A hackerspace is a specialized open community lab where people with similar interests can meet, collaborate, experiment, and create. These are typically run as a membership organization with a board of directors and paying members, and many maintain non-profit 501(c)3 tax status. Although, Dynamic Patterns Research has not yet been directly involved with any particular hackerpace, the concept of this community format is exciting, and it is growing quickly in world-wide reach and popularity. Hackerspaces offer the essence of citizen science, and by distributing the burden of funding and management to the membership, they offer an accessible and efficient way for anyone to make their amateur research dreams come alive.

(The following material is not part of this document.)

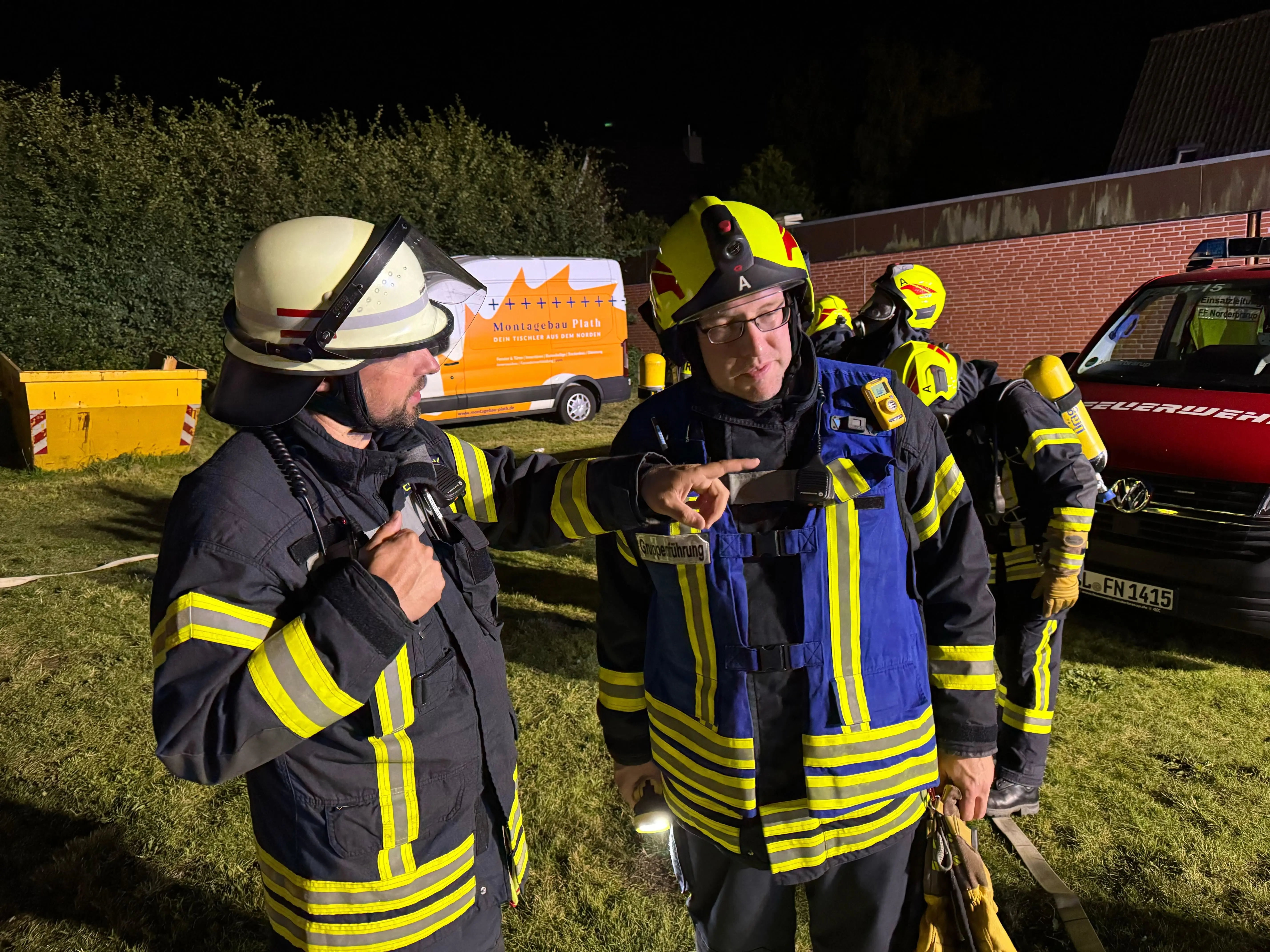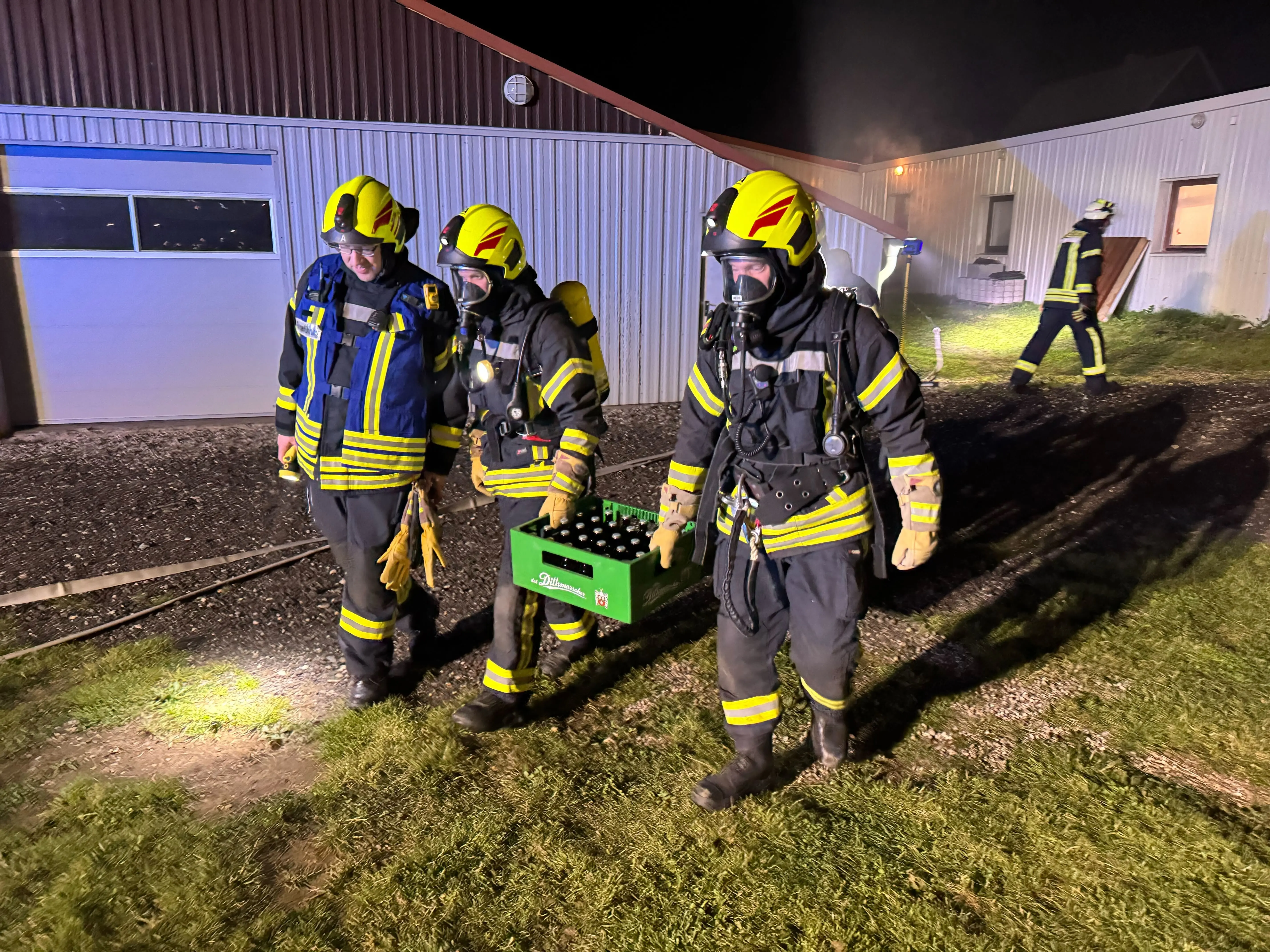 Ein besonderer Dank gilt der Firma Montagebau Plath, die nicht nur das Übungsobjekt zur Verfügung stellte, sondern die Teilnehmer im Anschluss auch mit hopfenhaltigen Getränken versorgte.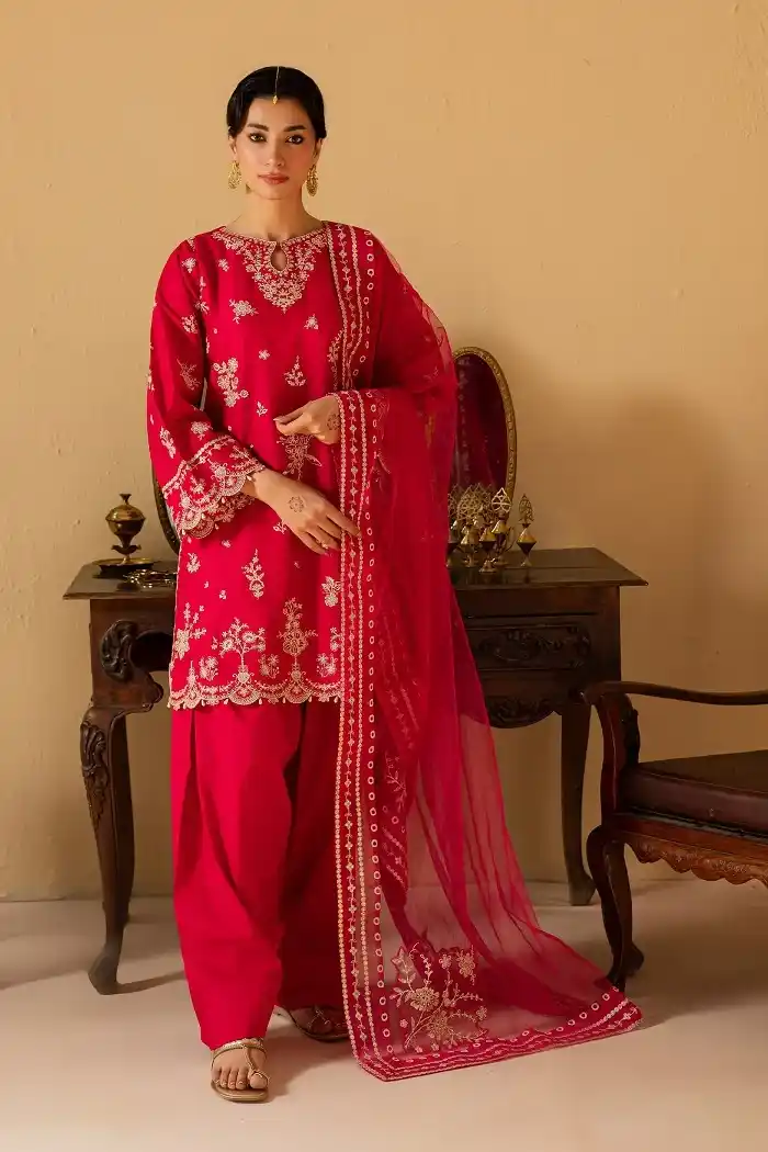 Stitched 2-piece lawn red color suit PKR:6,490 only.

Hackerspaces.org (visit) provides an international online space for connection and collaboration between brick-and-mortar hackerspace organizations, and provides how-to documentation and support for those interested in joining existing groups or creating your own. Many of the existing hackerspaces focus on the “physical sciences”–namely, electronics, software development, and making machines that go “ping”! In a little more than one month, a San Francisco Bay-area hackerspace is attempting to gain enough funding to open a “biological” hackerspace called BioCurious. They have set up a Kickstarter project (visit) to help quickly grow interest in support, and if you live in the area you should check out the new group as they will likely provide a great, new opportunity for citizen scientists, as well as pave the way for the development of more “biohack”-spaces around the world.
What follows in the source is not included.